Tuesday, October 26, 2010

I had to go to the Emergency Room.

No no, sorry to scare you! Like 2 years ago.

I had to go to the Emergency Room a couple of years ago (better?).

And while it certainly wasn't a laughing matter, a couple of things happened that made me laugh until I cried.

Mostly because I was in a lot of pain (freakin gall stones!), but they were seriously hysterical.

So I had to go to the ER, and since it was my 2nd trip in a week, and they knew what was wrong, I got to wait with all of the other people-with-non-life-threatening conditions. And wait, and wait...

Anyway.

I'm sitting there - in pain - waiting. From across the room a lady woman starts hollerin - and I literally hollderin - that her boyfriend's butt hurt and someone needed to see him NOW. Let me try to recall the quotes for you:
"His butt hurts!"
"He's got a huge boil on his butt!"
"Someone better help him soon, this boil on his butt hurts!"

Over..and over...loudly. The entire waiting room was trying not to stare, as her boyfriend slunk lower, and lower in his chair. While avoiding sitting on the butt cheek in question... (staph infection of course). She was oblivious to his humiliation, and focused on his pain. Oh dear...

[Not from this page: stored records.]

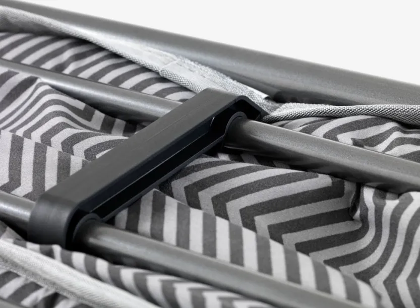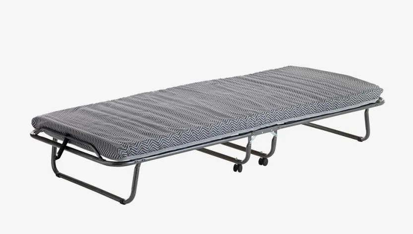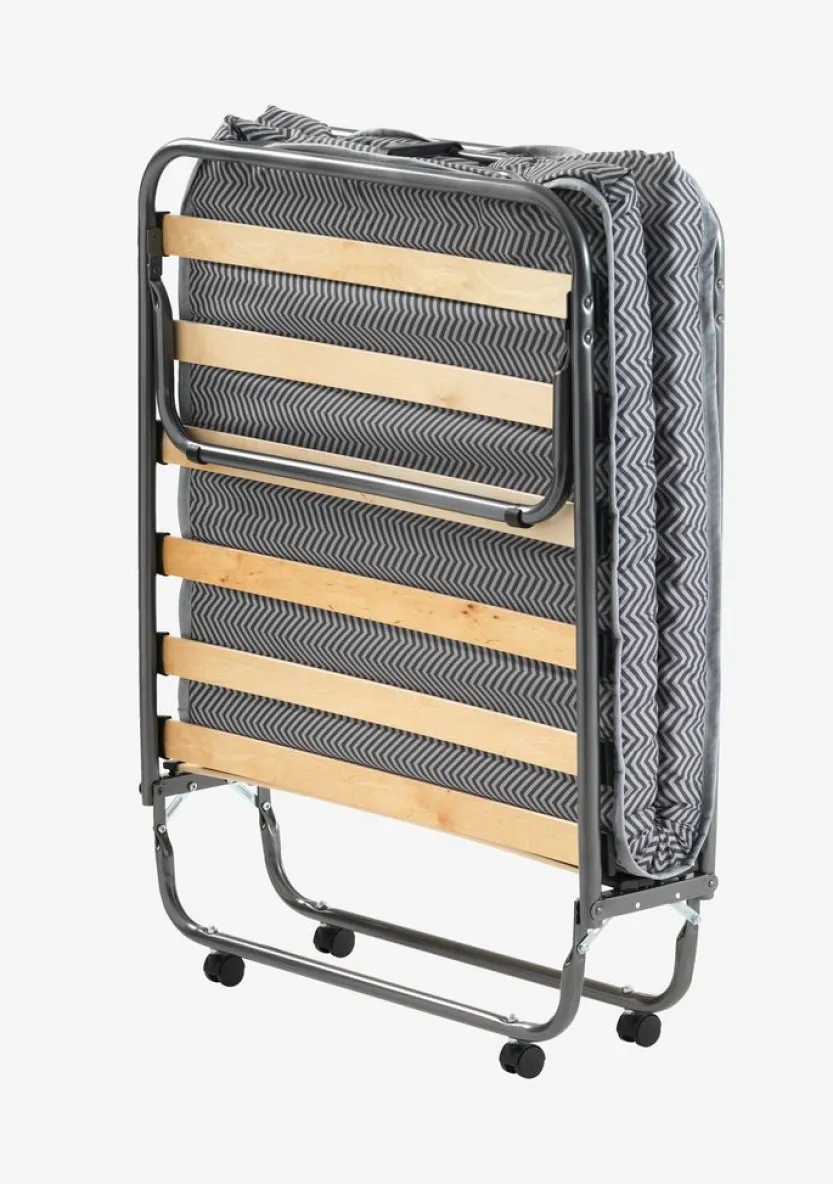 Vouwbed met een 7 cm dik matras van polyetherschuim. Grijs stalen frame met houten latten en wielen. B80 x L190 x H33 cm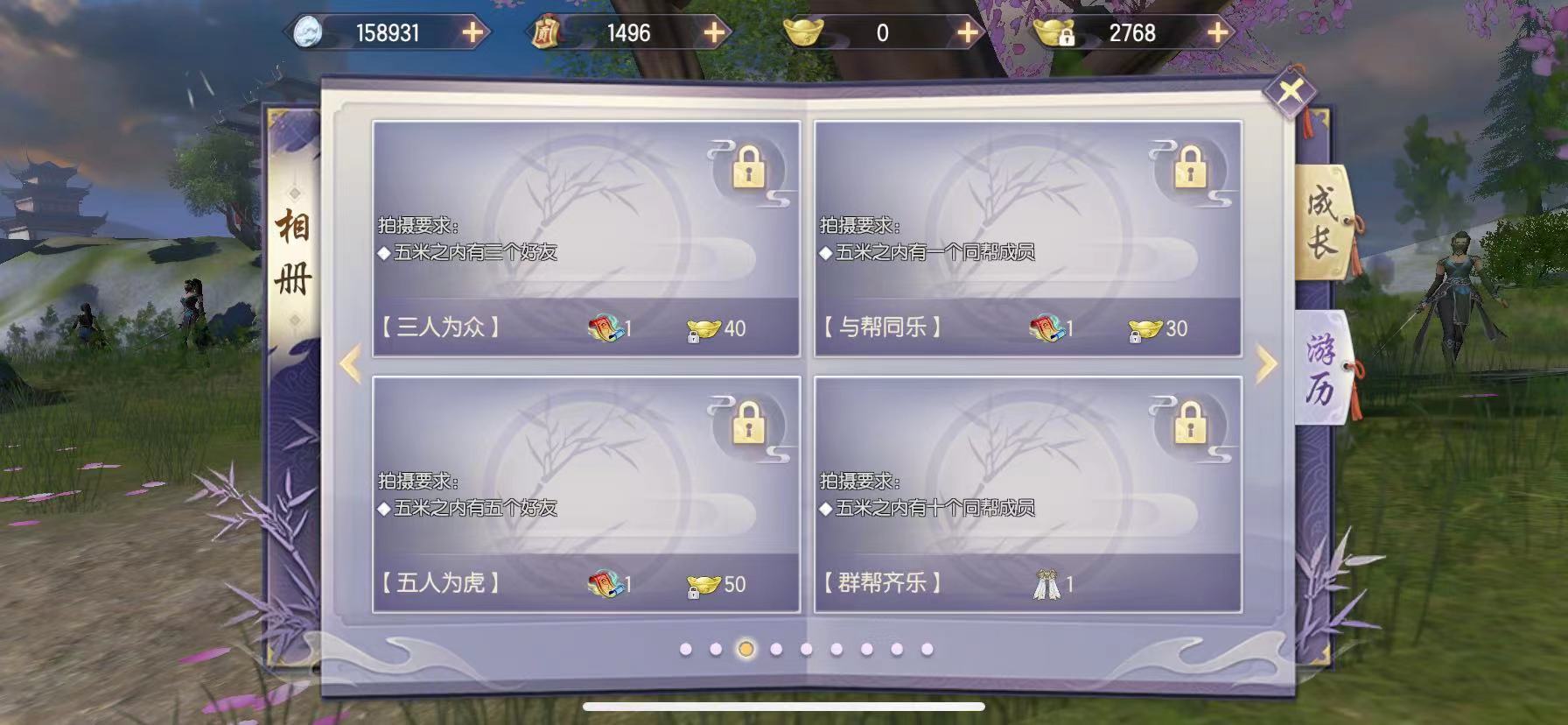 这个所谓的任务其实就是游戏里的相册任务,具体要求是玩家周围50米范围内得有10个同帮派成员才能拍摄,任务名叫“群帮其乐”。等玩家完成拍摄后,就能在相册里领取到醉流沙这份奖励了。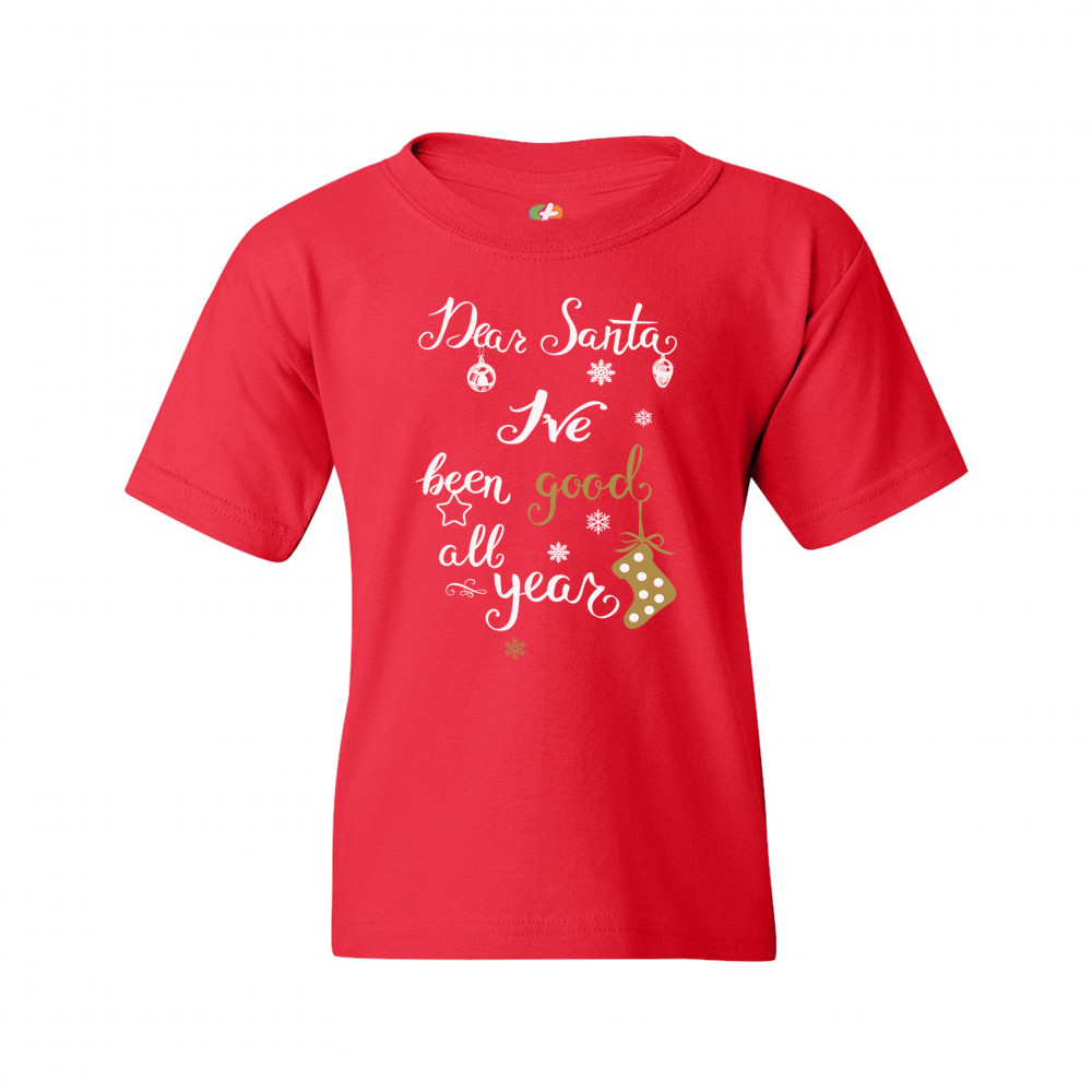 DEAR SANTA I'VE BEEN GOOD ALL YEAR youth t-shirt funny christmas xmas kids red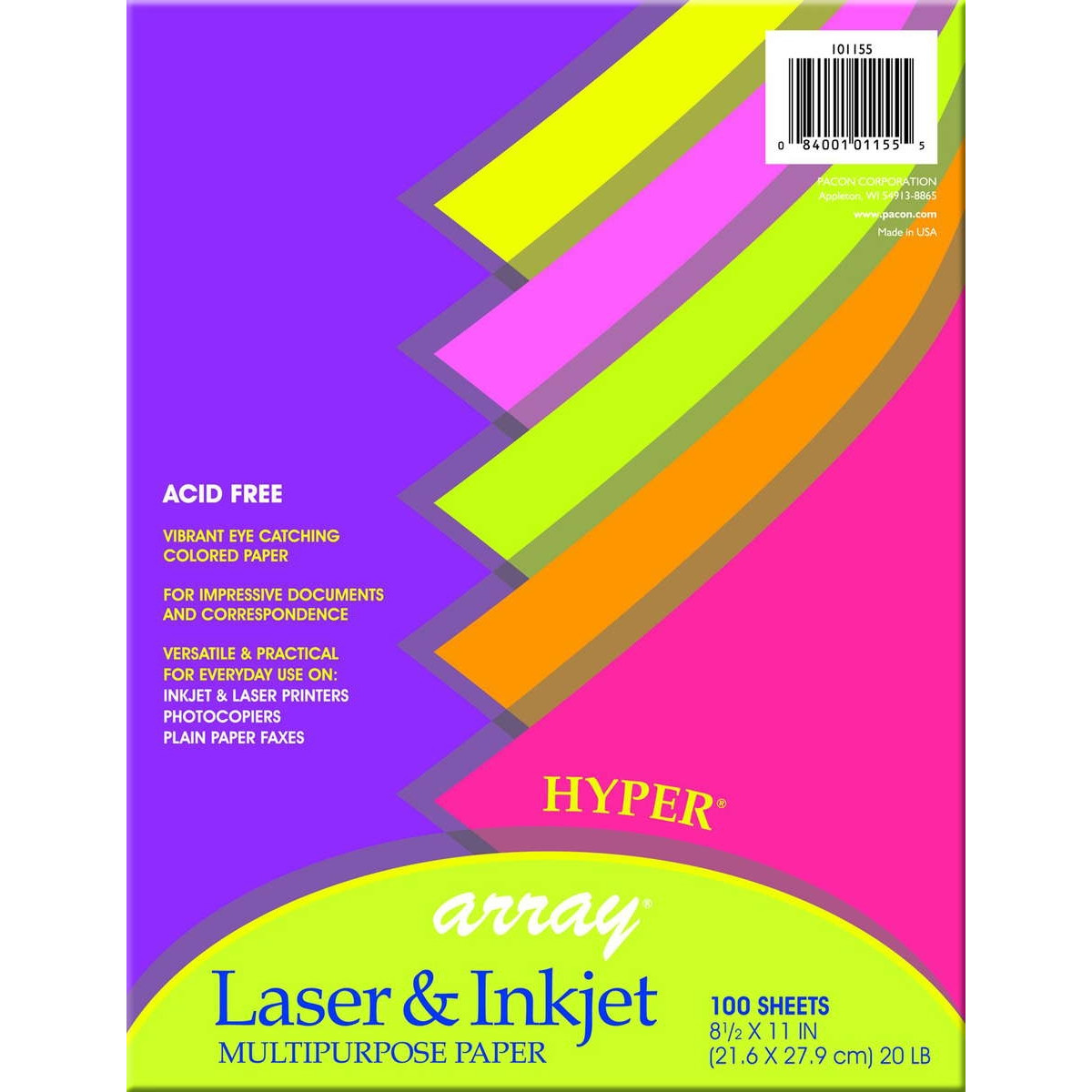 High-impact colors make your messages bright. For flyers, reports, personalized stationery, announcements, newsletters and memos. Made from sulphite bond, perfect for high speed copiers, laser and ink jet printers. Acid-free. 8 1⁄2" x 11". Yellow, Pink, Orange, Coral Red, Lime.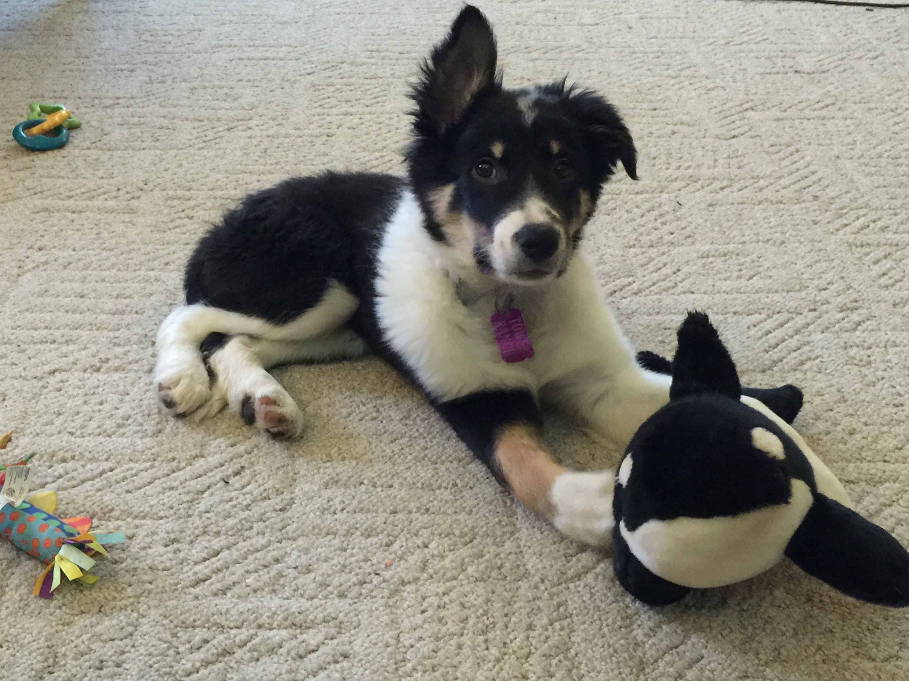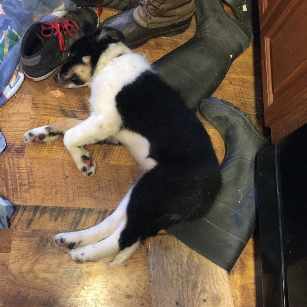 Flute joined our crew a couple weeks ago and is already entertaining us with his playful antics. Although he’s our resident class-clown we are impressed with how fast he learns new tasks and tricks. It will take some time to grow and refine his herding skills but we have no doubt he’ll be great. It will be nice to have a real herder since we make lousy border collies. Thank you Alpenglow Farm & Kennels for this wonderful boy.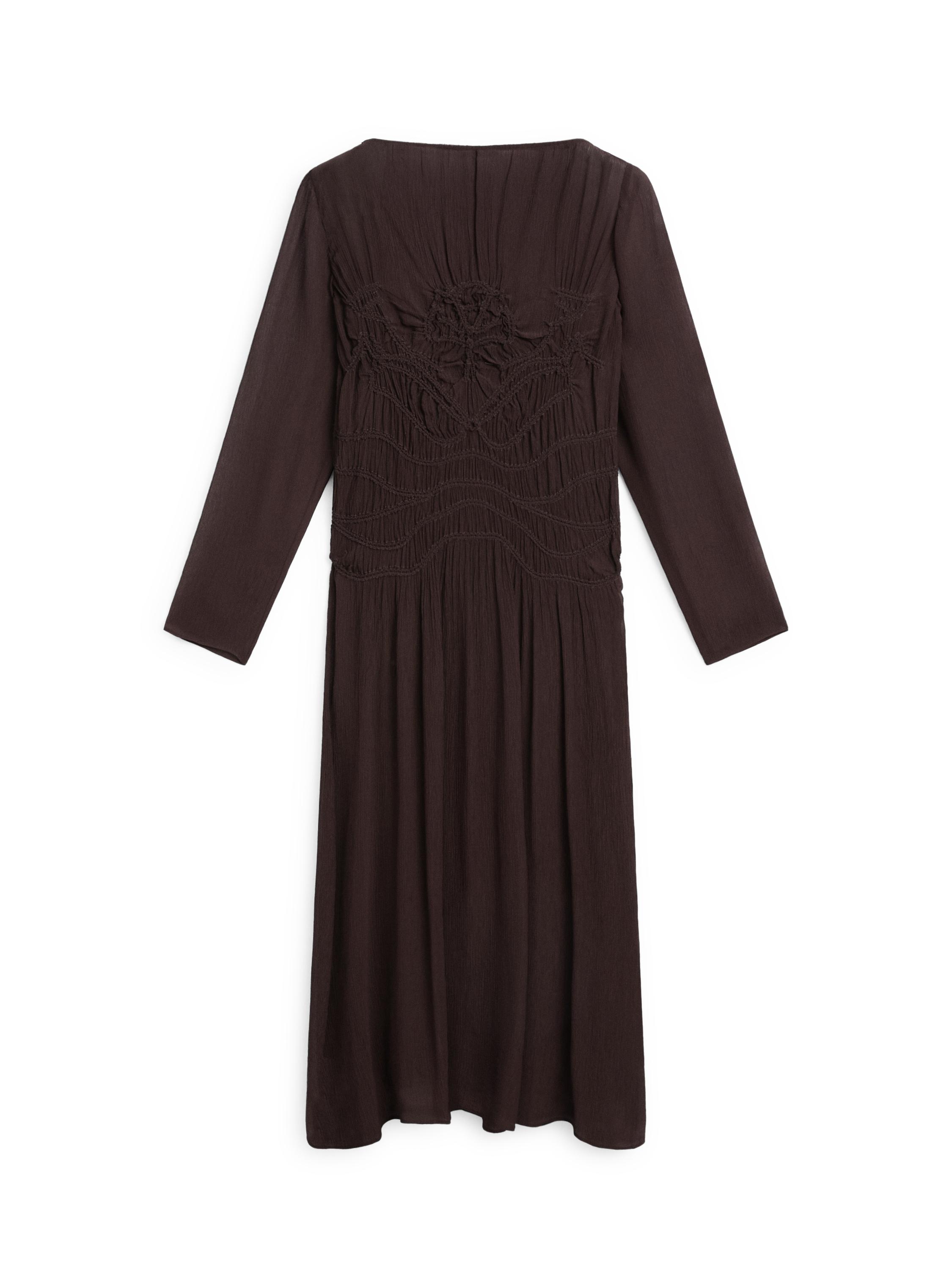 Haljina srednje dužine. Čamac izrez. Dugi rukavi. Površina nabranog efekta.

The second story requires a little bit of background (or perhaps it doesn't, but I'll share it anyway).
In Texas, a certain ethnicity brings the whole family to the ER with them. That's right...when one has to go, they ALL go. And I'm not talking about mom, dad, and kids. I'm talking about mom, dad, kids, brothers, sisters, aunts, uncles, and the neighbors. The whole barrio meets them there.

There had to be 20 people in there from this one family.

My friend (kind-hearted soul that she is drove me to the ER) and I were sitting near the doors, and as they all came in, she suddenly burst out laughing.

And could.not.stop.laughing.

She laughed until she was crying.

Sobbing even. Couldn't catch her breath.

And I had no idea what in the world she was laughing at.

So I'm staring at her like she's a loon, waiting for her to fill me in.

She finally catches her breath long enough to tell me.

"That guy that just walked in. The one in the pajama pants."
(I try to look around without staring...)

"He doesn't have on underwear!"
(erm, how is that funny, still waiting for the punchline)

"His thingy is all flopping around and you can see it through the flap! Wait until he walks by again."

So apparently my friend got flashed in the ER.

I never saw what she say - thank goodness.

The moral of the story? Unless you have a life-threatening injury, don't go to the ER.

You're welcome.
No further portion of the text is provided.